_The data_.
--- START ---

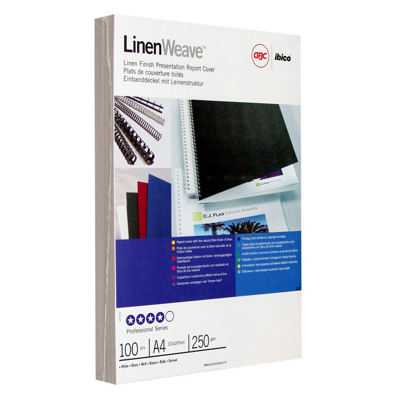Обложки для переплета картонные GBC белые кожа, А4, 250г/м2, 100шт/уп. 1 шт.
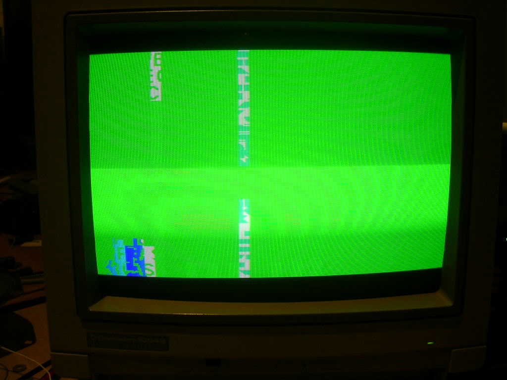 ... not the 4-5 volts you would expect. As it was not totally silent there was clearly something on the line trying to drive it but not doing very well. In cases like this often you find the line is missing its pull up resistor, or the line driver is dying. None of the data lines seemed to have any connection to the resistor networks so the next obvious place to look was the CPU itself as some do provide built in pull ups, D0-D14 were all connected through to the 68000, D15 wasn't. Again the tracks looked perfect so I have no idea where the break was, so another length of hookup wire was installed, just a big temporary loop at this stage as routing this one would take some time.
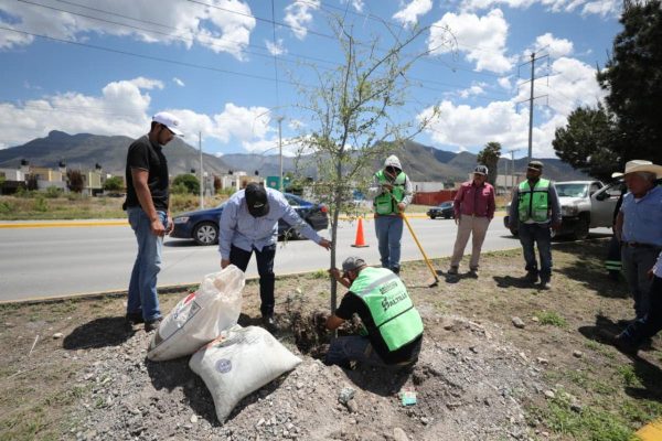 17 Abril 2026; Saltillo, Coahuila.- El Gobierno Municipal, encabezado por el alcalde Javier Díaz González, reforzó las acciones de reforestación a través del programa “Bosques Urbanos Lineales” sobre el bulevar Antonio Cárdenas, a la altura del fraccionamiento Lomas del Refugio, al sur de la ciudad.

--- END ---

_Work order_. From the first line to the last, copy the listing above exactly, dropping all images.

_Solved exercise_.
Обложки для переплета картонные GBC белые кожа, А4, 250г/м2, 100шт/уп. 1 шт.
 ... not the 4-5 volts you would expect. As it was not totally silent there was clearly something on the line trying to drive it but not doing very well. In cases like this often you find the line is missing its pull up resistor, or the line driver is dying. None of the data lines seemed to have any connection to the resistor networks so the next obvious place to look was the CPU itself as some do provide built in pull ups, D0-D14 were all connected through to the 68000, D15 wasn't. Again the tracks looked perfect so I have no idea where the break was, so another length of hookup wire was installed, just a big temporary loop at this stage as routing this one would take some time.
 17 Abril 2026; Saltillo, Coahuila.- El Gobierno Municipal, encabezado por el alcalde Javier Díaz González, reforzó las acciones de reforestación a través del programa “Bosques Urbanos Lineales” sobre el bulevar Antonio Cárdenas, a la altura del fraccionamiento Lomas del Refugio, al sur de la ciudad.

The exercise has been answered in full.